Virgin Galactic vice-president Alex Tai put together the Virgin team, with the backing of brand founder Richard Branson.

Mahindra is expanding its racing activities, which already include competing in the Moto3 bike category on the MotoGP undercard.

Ligier back in the limelight

The Ligier name will return to top-class motor sport next year, in endurance racing.

Ex-Formula 1 team owner Guy Ligier, whose family took over French racing car constructor Martini Automobiles in 2004, is joining forces with the French OAK Racing team and its car-building offshoot Onroak Automotive to offer a range of prototypes from entry level right up to LMP1. A new LMP2 coupé under development at Le Mans-based Onroak for next season will be badged as a Ligier badges and development of Ligier’s Group CN JS53 Evo has been taken over by Onroak.

The deal is likely to encompass an Onroak car built to 2015 LMP3 rules, which will be introduced into the European and Asian Le Mans series in 2015. It is also possible that the customer version of the OAK LMP1, due to race for the first time in next May’s Spa round of the WEC, could be dubbed a Ligier.

Ligier, 83, built prototypes before entering F1. He said: “I have every confidence in Jacques Nicolet [boss of OAK and Onroak], with whom I have enjoyed a long friendship, to bring the Ligier name back to the summit of endurance.”
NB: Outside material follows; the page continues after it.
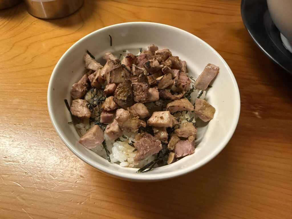サイドの「豚飯」。焼いた細切れチャーシューの香ばしさで、箸が止まらない。

ORCEA, which won the P2 class in six of the eight WEC rounds this year, has also confirmed plans to build a coupé to replace its existing open-top design for 2015.

Priaulx bound for the USA

Andy Priaulx, three-time World Touring Car champion with BMW, will swap from the German manufacturer’s DTM line-up to its Rahal-run attack on the new United SportsCar Championship in North America.

Priaulx, who has raced in the DTM since BMW’s return to the German-based series in 2012, will swap places with Maxime Martin. The Belgian raced one of the factory BMW Z4s in the 2013 American Le Mans Series as well as undertaking DTM test duties.

Priaulx, 40, said: “After more than two decades as a professional racing driver it is amazing to be given such an exciting new challenge. Not only will I be visiting new tracks and racing a new car, but this programme is giving my career even greater longevity.”

Priaulx’s recruitment is the only change in BMWs line-up, which includes Dirk Muller, Bill Auberlen and Joey Hand when he is not on DTM duty.

Red Bull Formula 1 reserve Antonio Felix da Costa will also join the BMW DTM squad, although it has yet to be confirmed which teams he and Martin will represent.